- **PROBLEM STATEMENT**
In the listing below, find the line with "ЭДС батареи 10" and the line with "- 中華民國整形外科專科醫師(整專醫字第000375號)", then return them and every line between them exactly, minus the pictures.
[RECORD EXCERPTS — start]
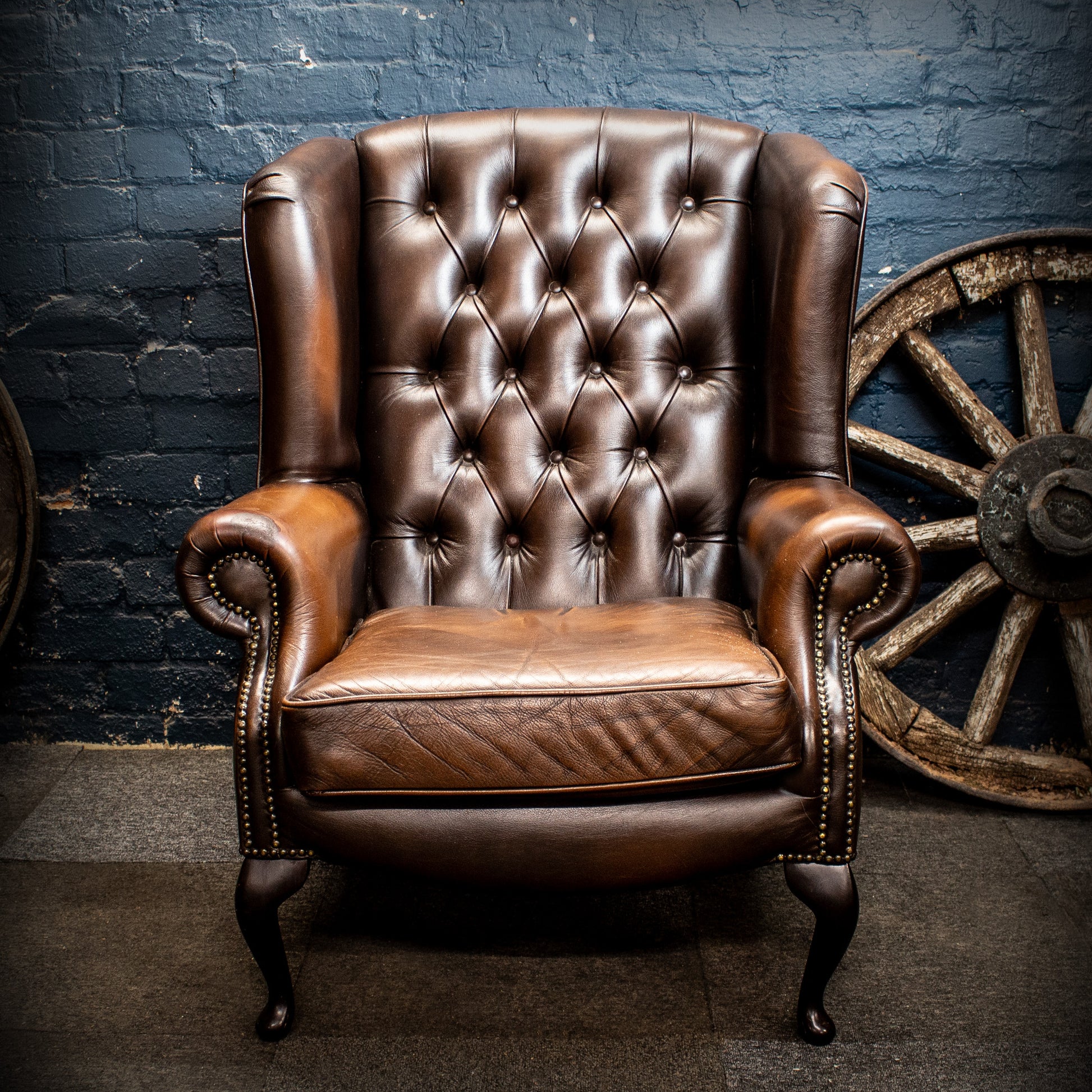 Brown Leather Vintage Chesterfield Style Wingback Armchair
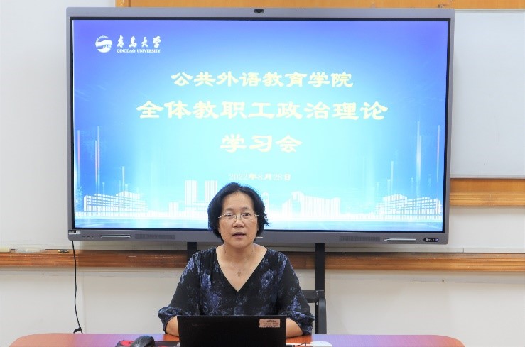 刘海荣主持政治理论学习,领学了8月25日《习近平给外文出版社的外国专家的回信》。教工党员代表徐淑丽老师做了《理解当代中国,培养新型外语人才》的党课分享。刘海荣进一步强调了师德师风和意识形态工作,提出具体要求。要求全体教职工坚持底线思维,落实立德树人根本任务。
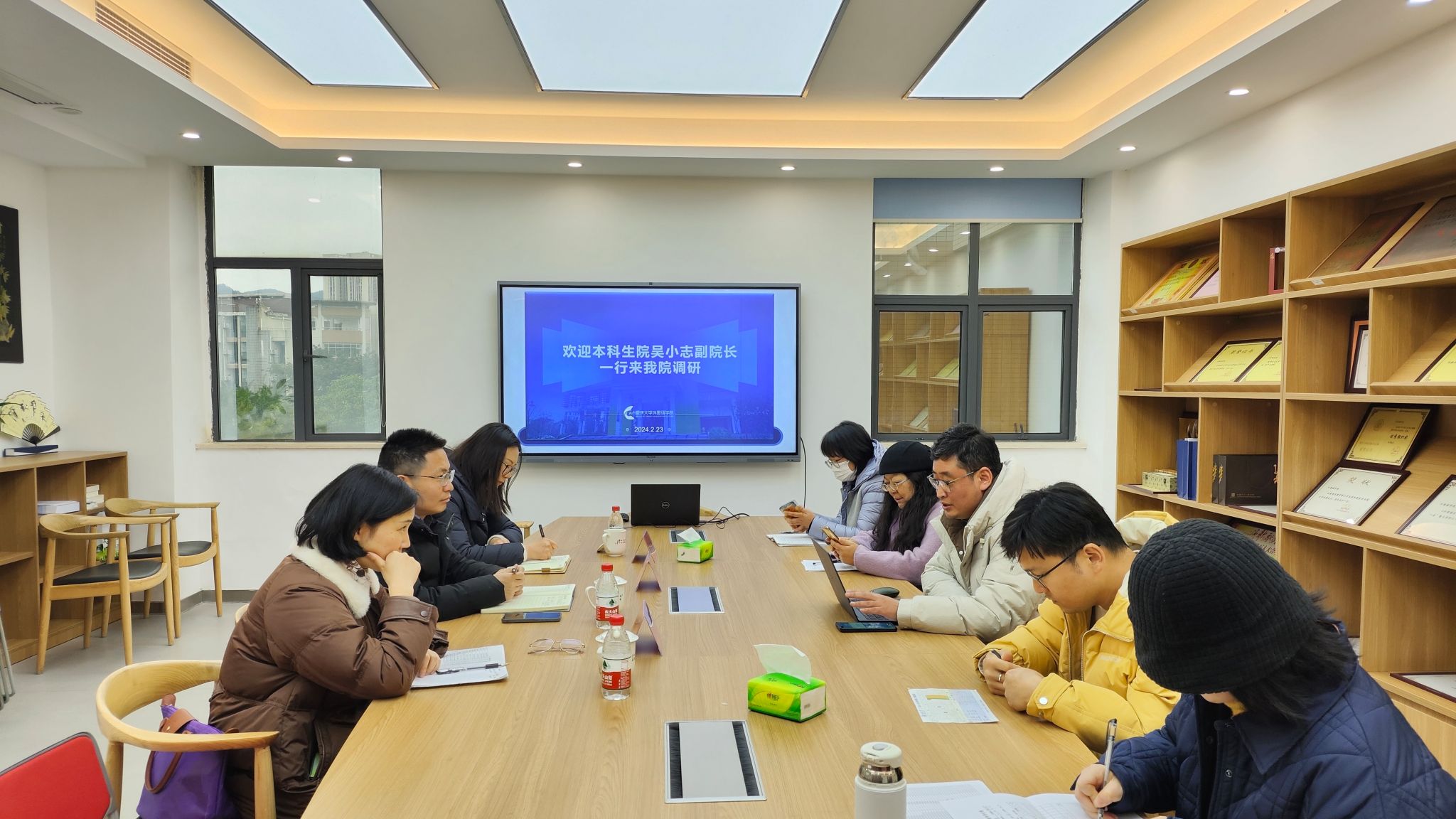 2024年2月23日下午,本科生院吴小志副院长、林津如、周佳老师来伦理电影 调研专业系本科教育创新人才培养工作。 伦理电影 王江副院长、专业系负责人、教学管理人员参加了此次会议。
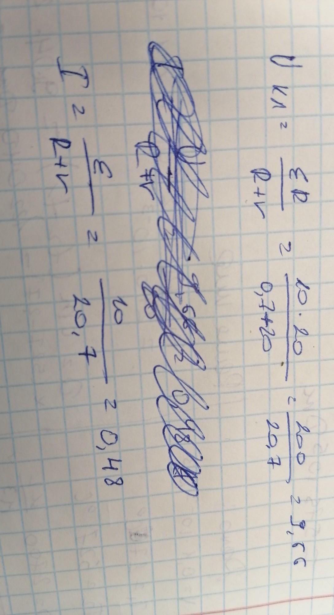 ЭДС батареи 10 В, её внутреннее сопротивление 0,7 Ом, сопротивление внешней цепи 20 Ом. Найдите силу тока в цепи, напряжение на зажимах батареи и падение напряжения внутри батареи.
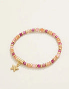 Bring a splash of vibrant elegance to your jewelry collection with the Calm Waters Stretch Bracelet in Ruby Sunstone. Featuring rich ruby sunstone beads accented with gleaming gold-plated details, this stretch bracelet exudes timeless beauty and charm. Its versatile design is perfect for layering or wearing solo as a statement piece. A delicate charm completes the look, making it a thoughtful gift or a stylish addition to your own accessory lineup.
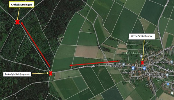 Zum Christbaum im “Heiligen Wald” gelangt man, wenn man von der evangelischen Kirche Schönbrunn der Hainbuchenstraße folgt bis an den Waldparkplatz “Im Höchsten“. Von dort aus zu Fuß halbrechts den Waldweg entlang bis zur T-Gabelung.
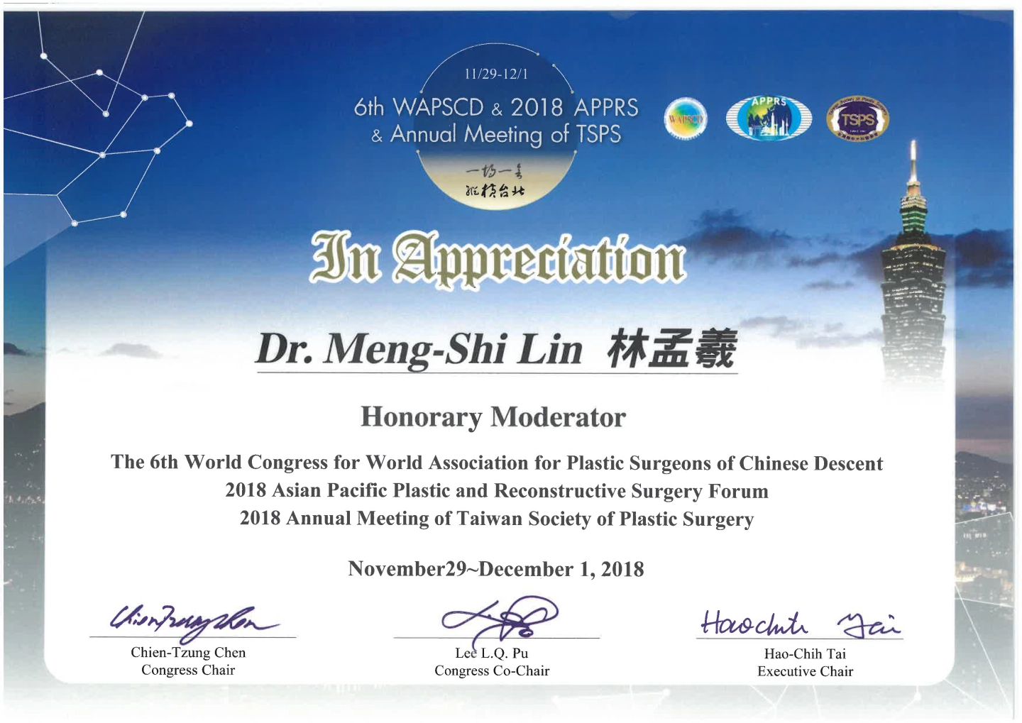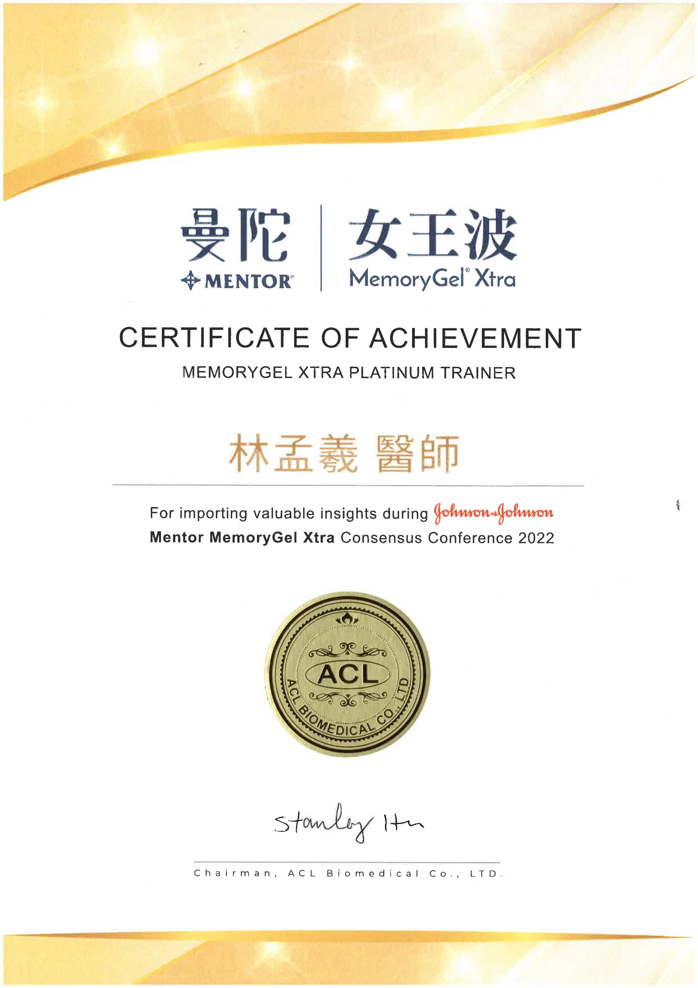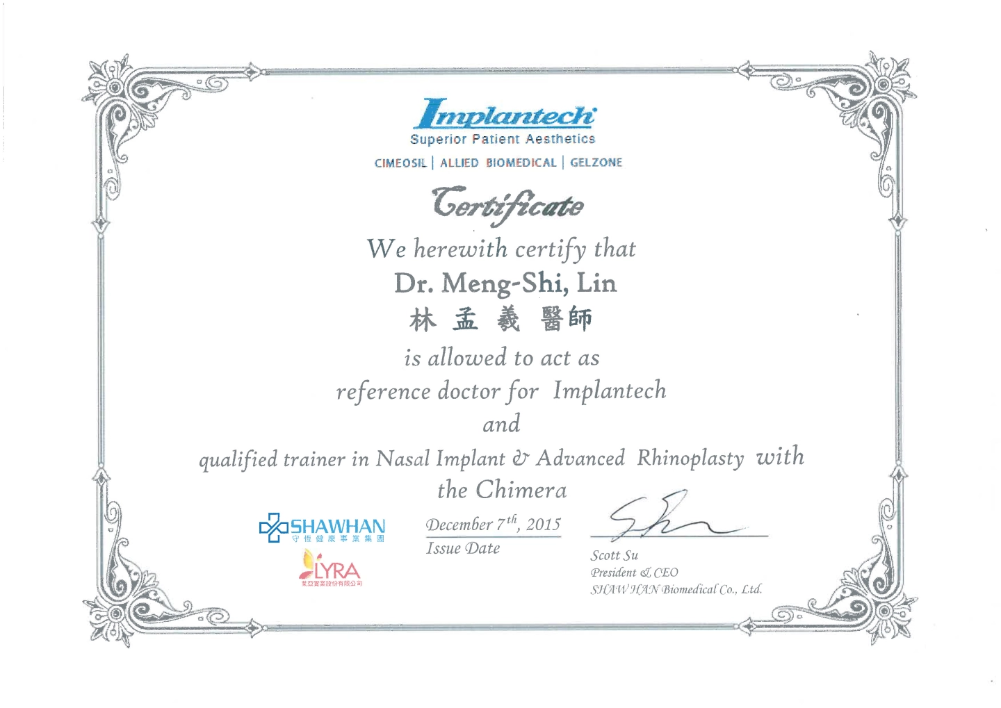 - 中華民國整形外科專科醫師(整專醫字第000375號)
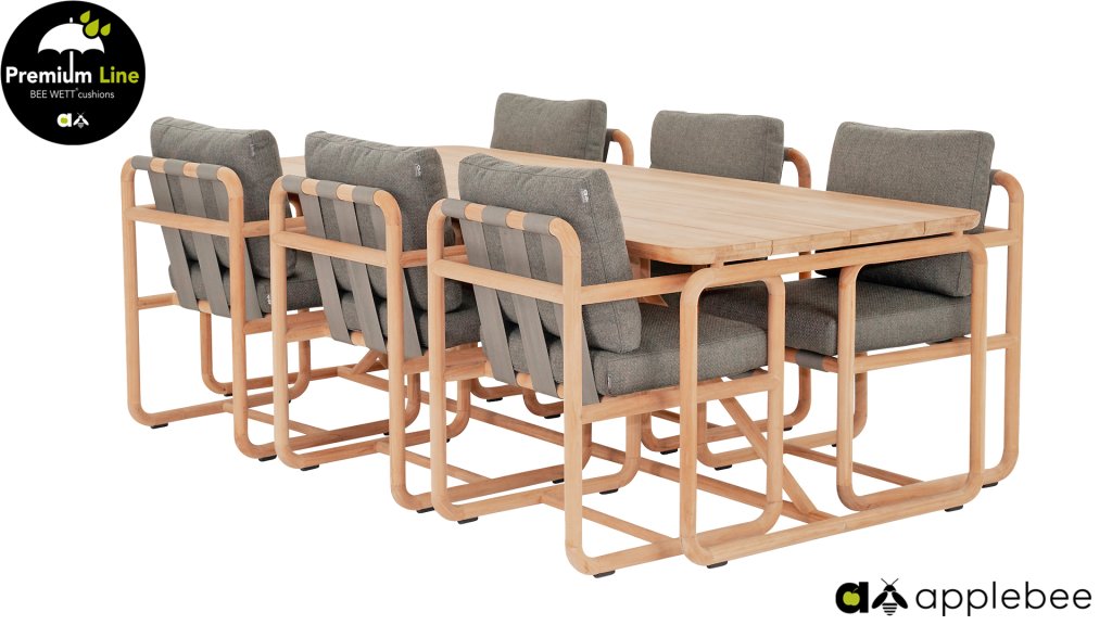 Gartenmöbel aus Teakholz bieten einen atemberaubenden Blick.Teakholz eignet sich besonders gut für den Einsatz im Außenbereich. Es ist resistent gegen Schädlinge und Pilze und widerstandsfähig gegen Sonne, Regen und Schnee. Mit der Zeit entwickelt das Teakholz eine silbergraue Patina. Gartenmöbel aus Teakholz bieten einen atemberaubenden Blick. Darüber hinaus ist es starkes Material und erfordert nur wenig Wartung. Wer die ursprüngliche Farbe des Teakholzes bevorzugt, kann durch regelmäßiges benutzen unser Pflegemittel ganz einfach das Vergrauen des Holzes verhindern.Darüber hinaus können Sie Teak mit grüner Seife reinigen. Durch Temperaturunterschiede und durch den Wechsel von Feuchtigkeit und Trockenheit können kleine Haarrisse entstehen. Es ist üblich, dass Man in dies Unvollkommenheiten findet, diese Unregelmäßigkeiten sind kennzeichnend für dieses Produkt. Diese Unregelmäßigkeiten können nie einen Anlass zu Reklamation, Garantie oder Claim formen. Es betrifft eine Unterschrift von Originalität!  Wir gewähren Garantie auf alle Produktions- und Konstruktionsfehler. Die Wirkung von Teakholz ist nicht enthalten. Wenn Sie sich für Teakholz entscheiden, erwarten wir, dass Sie diese Eigenschaften zu schätzen wissen. Eventuell auftretende Haarrisse, Äste im Teakholz und raue Oberflächen im Laufe der Zeit fallen nicht unter unsere Garantie. Diese Eigenschaften verleihen dem Teakholz seinen eigenen Charakter und sind Teil der Optik. Seien Sie vorsichtig mit einem Blumentopf oder einer Vase auf Ihrem Gartentisch aus Teakholz, da dies zu hartnäckigen Kreisen oder Farbunterschieden führen kann.
[RECORD EXCERPTS — finish]
- **EXPECTED ANSWER**
 ЭДС батареи 10 В, её внутреннее сопротивление 0,7 Ом, сопротивление внешней цепи 20 Ом. Найдите силу тока в цепи, напряжение на зажимах батареи и падение напряжения внутри батареи.
 Bring a splash of vibrant elegance to your jewelry collection with the Calm Waters Stretch Bracelet in Ruby Sunstone. Featuring rich ruby sunstone beads accented with gleaming gold-plated details, this stretch bracelet exudes timeless beauty and charm. Its versatile design is perfect for layering or wearing solo as a statement piece. A delicate charm completes the look, making it a thoughtful gift or a stylish addition to your own accessory lineup.
 Zum Christbaum im “Heiligen Wald” gelangt man, wenn man von der evangelischen Kirche Schönbrunn der Hainbuchenstraße folgt bis an den Waldparkplatz “Im Höchsten“. Von dort aus zu Fuß halbrechts den Waldweg entlang bis zur T-Gabelung.
 - 中華民國整形外科專科醫師(整專醫字第000375號)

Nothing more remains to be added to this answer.